The Conditions of Unconditional Love were brought to mind by the words in the Epistle this morning.

As God’s chosen ones, [my] holy and beloved [friends], clothe yourselves with compassion, kindness, humility, meekness, and patience.

I reckon this passage tells me about those “conditions” from which Unconditional Love reveals itself – at some times as an eruptive and disruptive epiphany, at other times as a final, gentle realisation. We are holy and beloved when we clothe ourselves with compassion, kindness, humility, meekness and patience – a far remove from our ordinary behaviour, don’t you think? These qualities in our lives may exhibit themselves rarely and singly, because we are not the saints whom we usually describe in these terms, like Wenceslaus of the Christmass hymn, or the Saint Nicolas whom the Dutch venerate, and we all know as Santa Claus. After all, we don’t ordinarily act like St Nicolas, distributing gold coins anonymously, hiding them in the shoes of the poor, do we?

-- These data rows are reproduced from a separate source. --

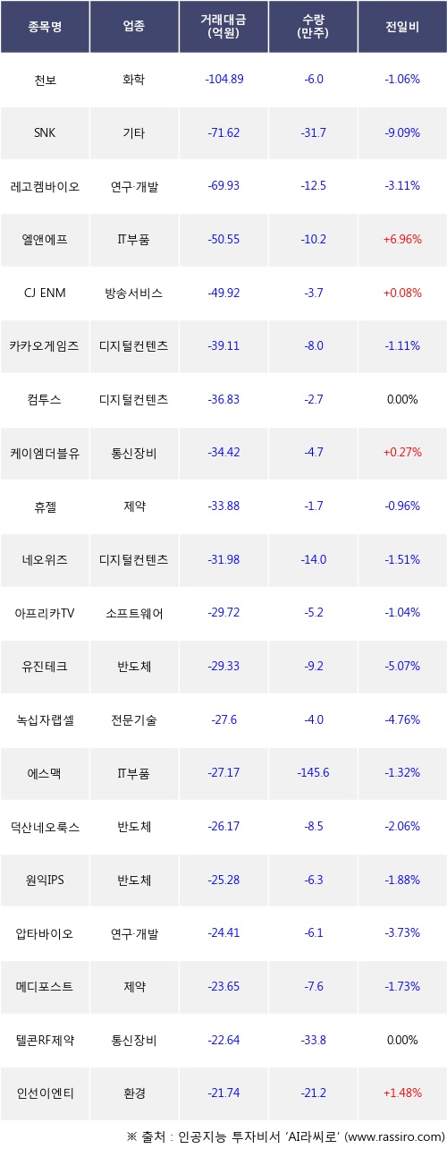 외국인 투자자의 순매도 상위 20개 종목은 천보, SNK, 레고켐바이오, 엘앤에프, CJ ENM, 카카오게임즈, 컴투스, 케이엠더블유, 휴젤, 네오위즈등이다.
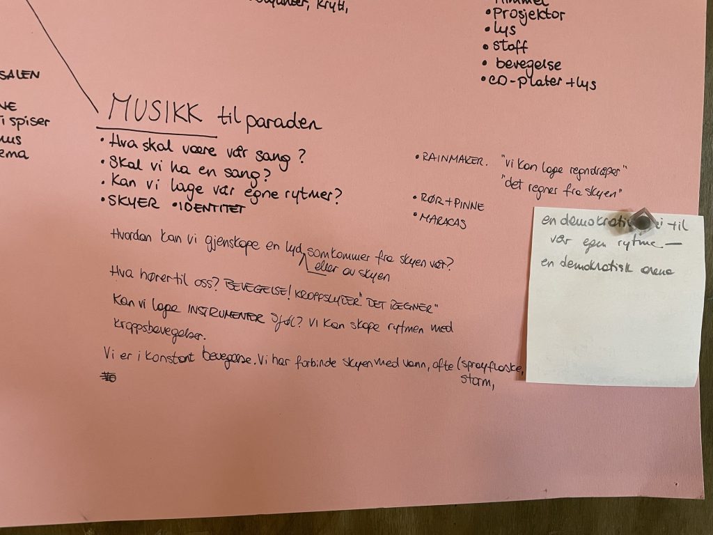 Hvilken sang skal vi gå i parade med? Pedagogene reflekterer: i år har vi ikke hatt en spesiell sang som vi forbinder med prosessen vår om skyen. I fjor hadde vi Kråkesangen eller Jordsangen. Det vi har lagt merke til i år, er at barna har skapt skyens lyd selv. De løfter armene opp og ned og sier «shh, shh».
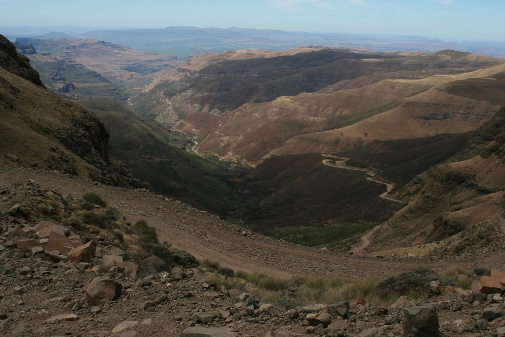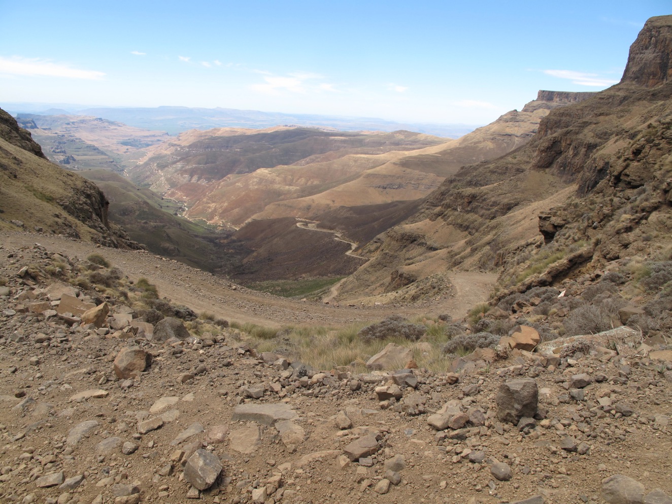 We entered through the top of Lesotho at the Butha Butha crossing. What you noticed as soon as you entered the country was how barren it seamed. Very rocky, chilly, and people walking around with blankets around them also wearing gumboots.
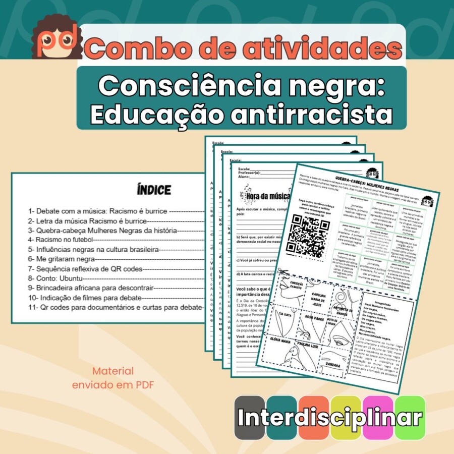 💡 Ideal para professores que desejam desenvolver uma educação antirracista de forma prática e inspiradora, alinhada à BNCC, abordando temas como identidade, representatividade, cultura afro-brasileira e diversidade social.
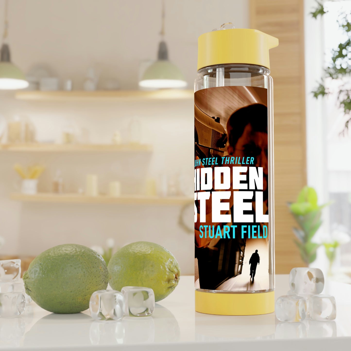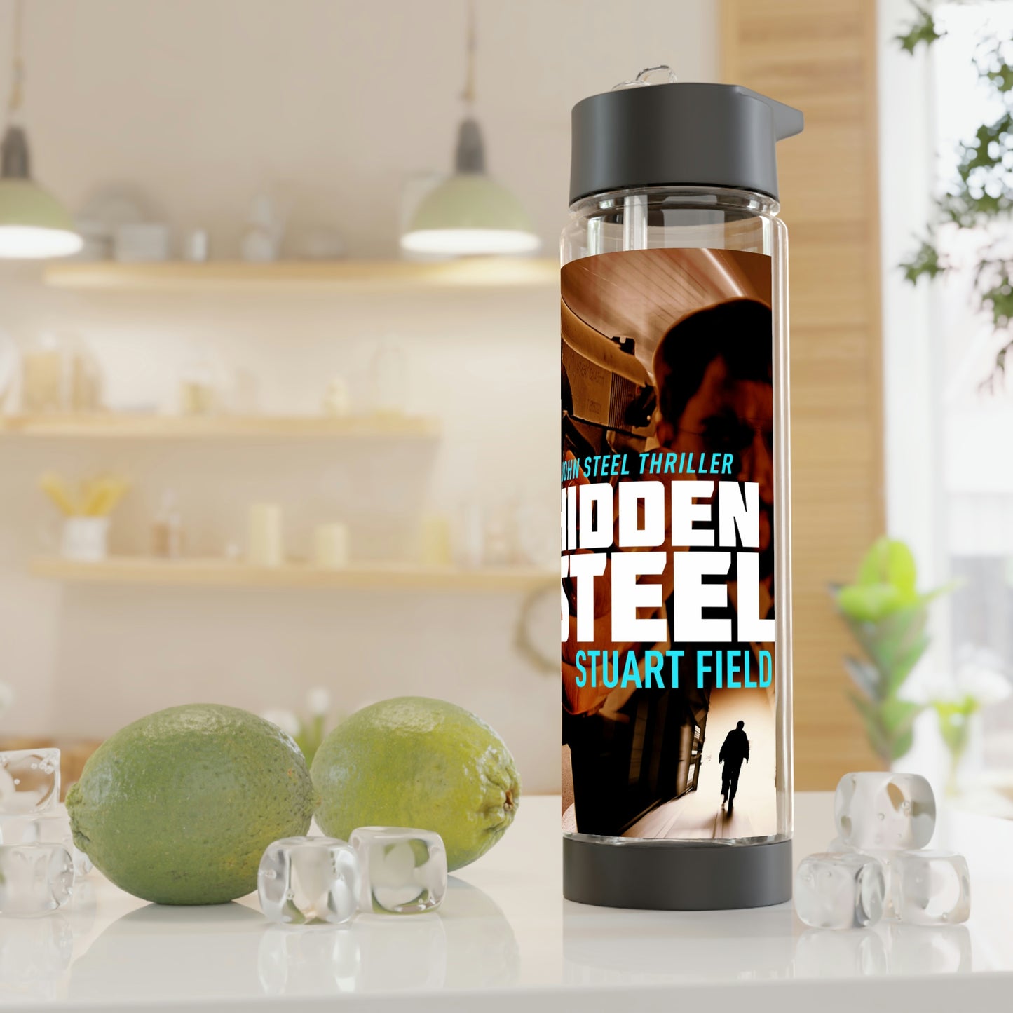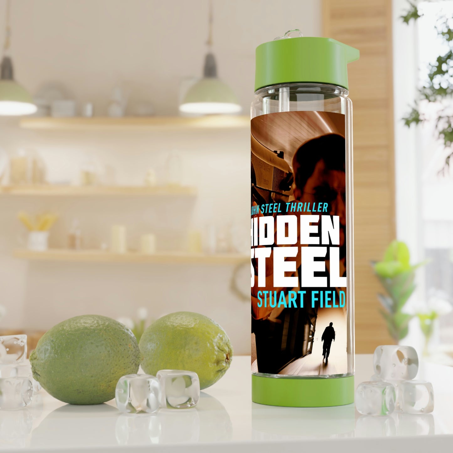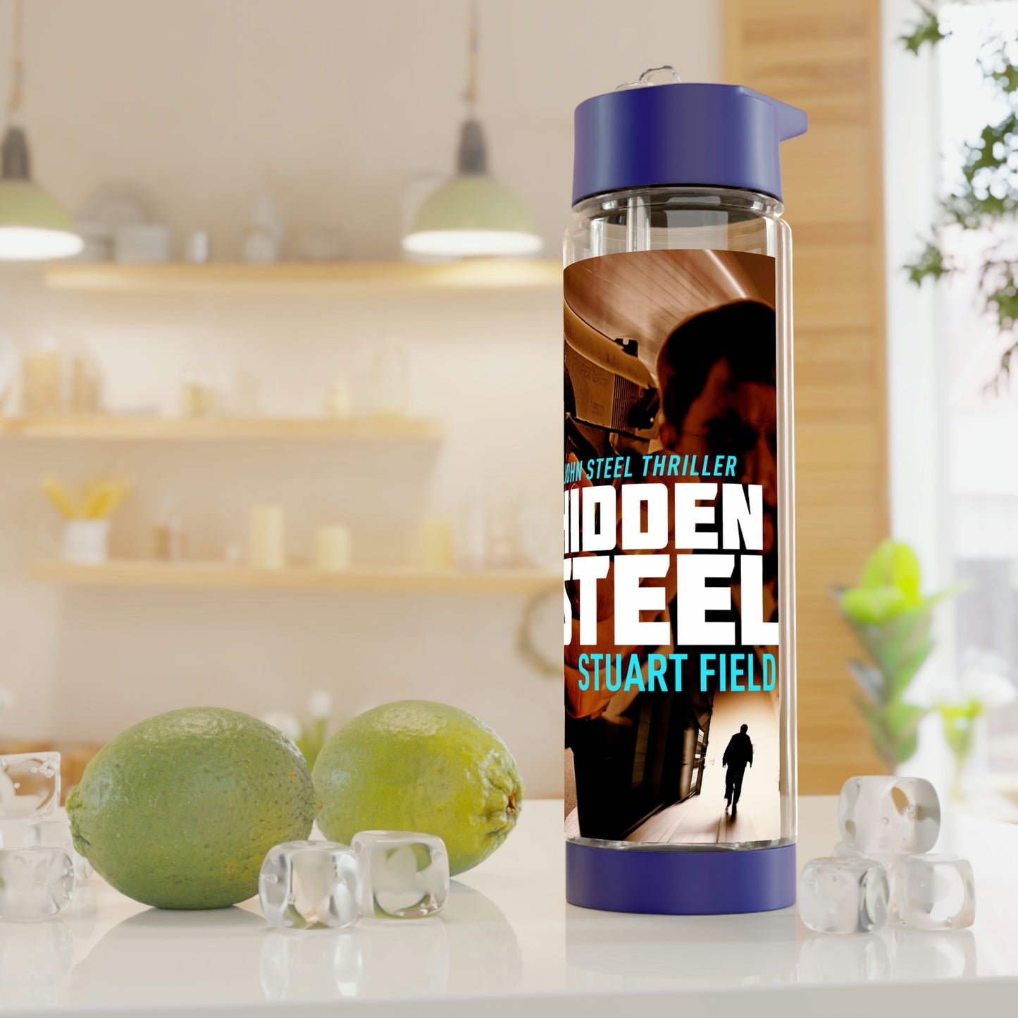 Add flavor and personality to your water with this infuser bottle. Twist the base off to access the infuser and add fruits, tea leaves, or anything you desire to enhance the flavor of your water. On the top, you'll find a twist-on lid with a flip-top drinking sprout for a seamless drinking experience. This infuser is excellent for using at home, during outdoor excursions, or at the gym as a sports bottle. The cover art in this infuser water bottle is from Stuart Field's book, Hidden Steel.

But to get back to those conditions – compassion, kindness, humility, meekness and patience – when we full-fill those conditions we can surely show unconditional love. When we perfect one or another of those conditions, I think we can understand all the steps in the progression to unconditional love. Just practising one of those conditions readies us for the very real struggle to be loving, for they are at the heart of love. I think we do understand this in spite of our everyday uncaring.

Let’s just imagine ourselves to be kind to everyone we meet. – I suppose we must ask, whether it is even possible Kindness is no easy task, is it? Especially if you have been offended in some way by the person whom you meet in your act of kindness. I know I have a great difficulty when such a circumstance arises for me. – We can go quiet, we can walk away, we can bluster, we can do just about anything but be kind to that person wholeheartedly. – But that is what we are expected to do, and who expects that? Who demands that we be kind, that we begin to love unconditionally?

Yes, you are all right! Jesus Christ has given us that one command that we love one another just as we love ourselves. That love is not a mere affectation. some sort of superficial affection – it is the open heart and hands of perfect friendship which love exhibits. Compassion, kindness, humility, meekness and patience – all of these humane qualities are part of that Unconditional Love which we expect of others just as they expect it of me. This is a very personal thing. We each full-fill those conditions in a unique way. I might be kind but not patient. You might be compassionate. Someone else develops love from their humility. And those who are meek – well, they are the salt of the earth, aren’t they?

Every person can show love on the basis of fulfilling one of those conditions. The love they reveal to the world will be unconditional because each of these qualities (compassion, kindness, humility, meekness and patience) corrects any distortion our limited selves might generate. They change our perspective on the people we meet and on ourselves. They make us realise that the individual is not the centre of everything. – – Who has heard of “the Copernican Revolution”? When the Sun became the centre of the universe and simplified the mathematics of planetary motion? This is what compassion, kindness, humility, meekness and patience do for us. They displace the inflated self from the central role in life and put the other into focus.

For the religious person, that other may be seen as the object of compassion or kindness. That other may make us realise that we should be humble and meek. That other may draw forth our patience so that we may act in every instance with that Unconditional Love of the gospel. The religious person places God in the heart of the universe and so all becomes constellated around the divine. All people become loved and loving when that is the case. So I beg you to practice the conditions of love so Unconditional Love may be set free.